33091.fb2 Товарищ Кисляков(Три пары шёлковых чулков) - читать онлайн бесплатно полную версию книги . Страница 35

Товарищ Кисляков(Три пары шёлковых чулков) - читать онлайн бесплатно полную версию книги . Страница 35

Кисляков слушал, даже задавал вопросы о некоторых подробностях, — например, не бывает ли у него тошноты и болей под ложечкой. А сам думал в это время о том, что если бы у него было хоть тридцать рублей, тогда бы можно было дать.
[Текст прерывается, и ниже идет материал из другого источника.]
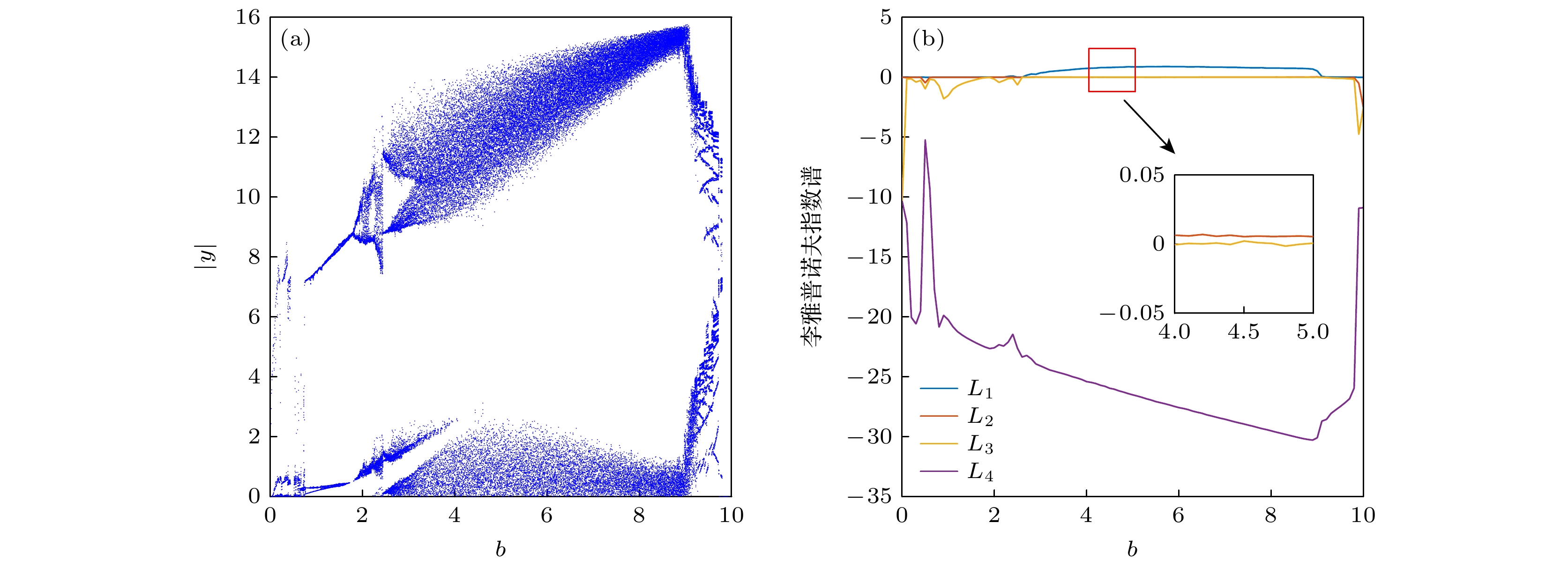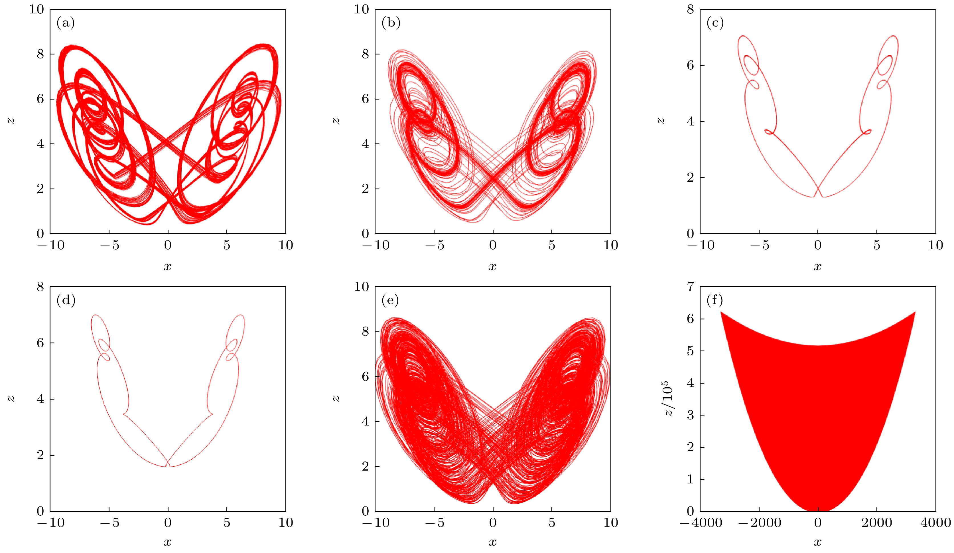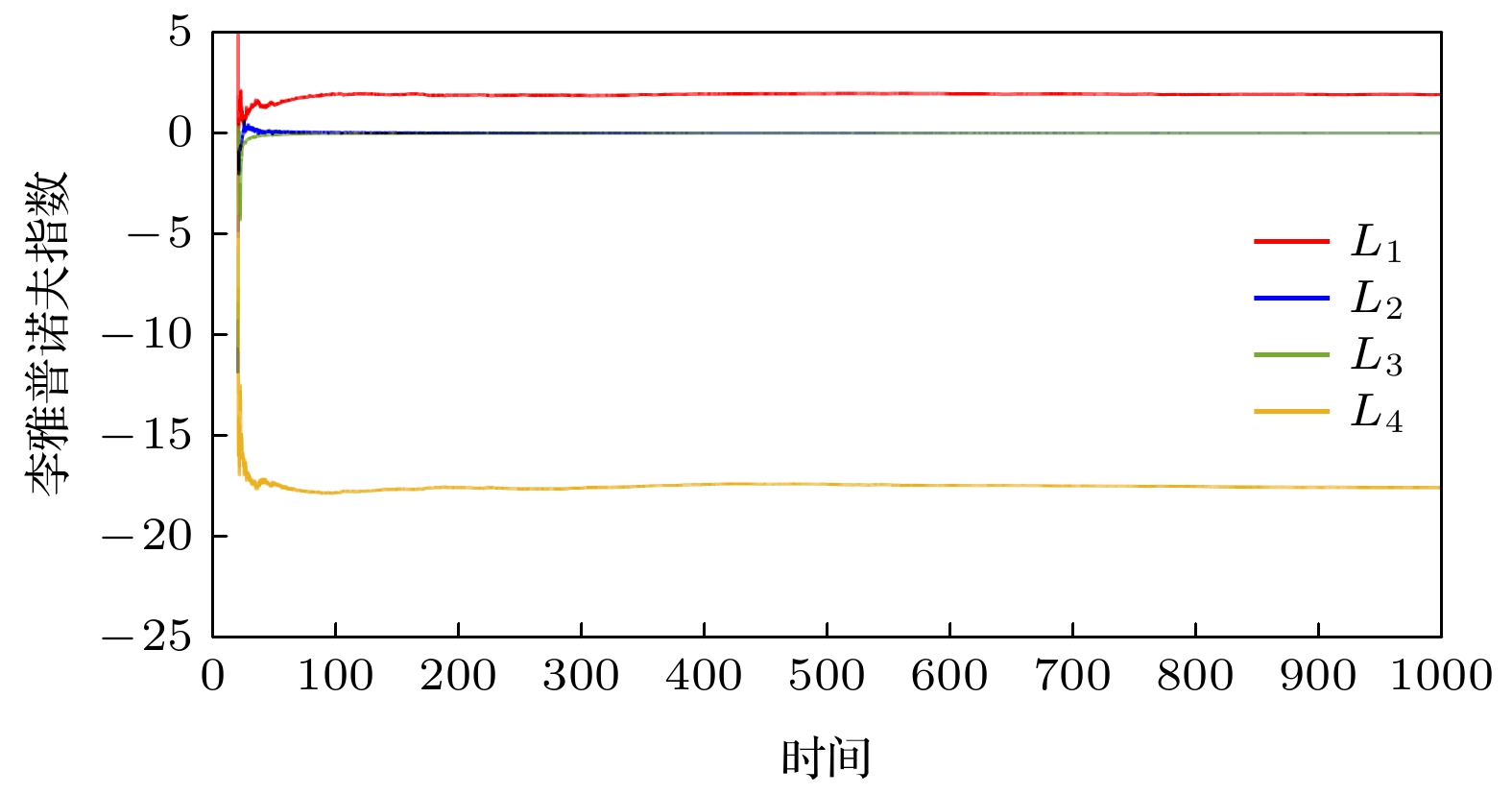 参数k值 $ L_{1} $ $ L_{2} $ $ L_{3} $ $ L_{4} $ 吸引子类型 相图 $ 0.1 $ $ 0.3675 $ $ 0.0109 $ $ -0.0012 $ $ -24.0787 $ 超混沌 图6(a) $ 0.5 $ $ 0.2356 $ $ 0.0596 $ $ -0.0059 $ $ -23.1174 $ 超混沌 图6(b) $ 1.7 $ $ 0.0058 $ $ -0.0011 $ $ -0.1339 $ $ -19.9824 $ 准周期 图6(c) $ 2.5 $ $ 0.0004 $ $ -0.0807 $ $ -0.0812 $ $ -18.1232 $ 极限环 图6(d) $ 3.7 $ $ 0.0002 $ $ -0.8435 $ $ -1.2411 $ $ -13.4649 $ 极限环 图6(e) $ 4.4 $ $ 0.0011 $ $ 0 $ $ -0.2547 $ $ -14.4246 $ 混沌 图6(f) $ 5.1 $ $ 0.0006 $ $ -0.0526 $ $ -0.0530 $ $ -13.2676 $ 极限环 图6(g) $ 8 $ $ -0.0006 $ $ -1.9258 $ $ -1.9672 $ $ -2.9574 $ 不动点 图6(h) 表 2 不同优化因子f值对应的李雅普诺夫指数, 吸引子类别及相图

— А я тебе скажу, что никакого у тебя рака, судя по всем признакам, нет, — сказал Кисляков. — Тебе только лучше всего уехать из Москвы на свежий воздух. У тебя родных-то разве никого нет?

— Никого. Я один из всего рода остался. После меня будет чисто… Из близких людей только вот тебя и встретил. А знакомые… ты ведь знаешь, какие теперь люди стали: он как видит, что ты нуждаешься, так и старается от тебя стрельнуть в сторону при встрече. Это вот ты бросился с распростертыми объятиями, а другие, брат, теперь не бросаются.

Кисляков решил, что если Николай сам попросит, то он даст ему десять рублей, хотя бы его и ждал скандал с Тамарой, вероятно вообразившей после этого обеда, что у него денег куры не клюют.

Но Николай определенно и ясно не просил денег. Он только опять свернул разговор на свою неоплаченную комнату. Погладывая уже вторую корочку, взятую из той же сухарницы, он говорил о том, что если бы ему удалось заработать хоть несчастные гроши, он бы перевернулся как-нибудь.

У Кислякова уже покраснели щеки от морального напряжения, он слушал Николая, глядя ему прямо в глаза, чтобы видно было, что он не уклоняется от его рассказов, как те его знакомые, что стреляли от него в сторону при встрече на улице. Он только с замиранием сердца ждал того момента, когда Николай скажет: «Разговор разговором, а ты, милый, дай мне сейчас десятку».

Но Николай не говорил, и благодаря этому с каждой минутой у Кислякова усиливалось напряжение.

Гость вздохнул, опять обвел рассеянными глазами комнату, погладил своей огромной худой рукой ввалившиеся щеки и, покачав головой, сказал:

— Да, милый, тяжело. Тебе-то всё-таки легче. Я хоть на тебя порадуюсь.

Кисляков уже не задавал вопросов. Он только сидел и слушал, думая о том, уйдет ли Николай не попросив денег, или попросит.

Николай сидел некоторое время молча, опустив голову, как бы задумавшись о чем-то безотрадном. Он, видимо, потерял всякую чуткость в людских отношениях после того, как видел, что его знакомые при встрече с ним переходят на другую сторону. Поэтому, раз здесь его встретили приветливо, сам хозяин зазвал к себе — он всё продолжал сидеть. Говорил медленно, задумывался, молчал.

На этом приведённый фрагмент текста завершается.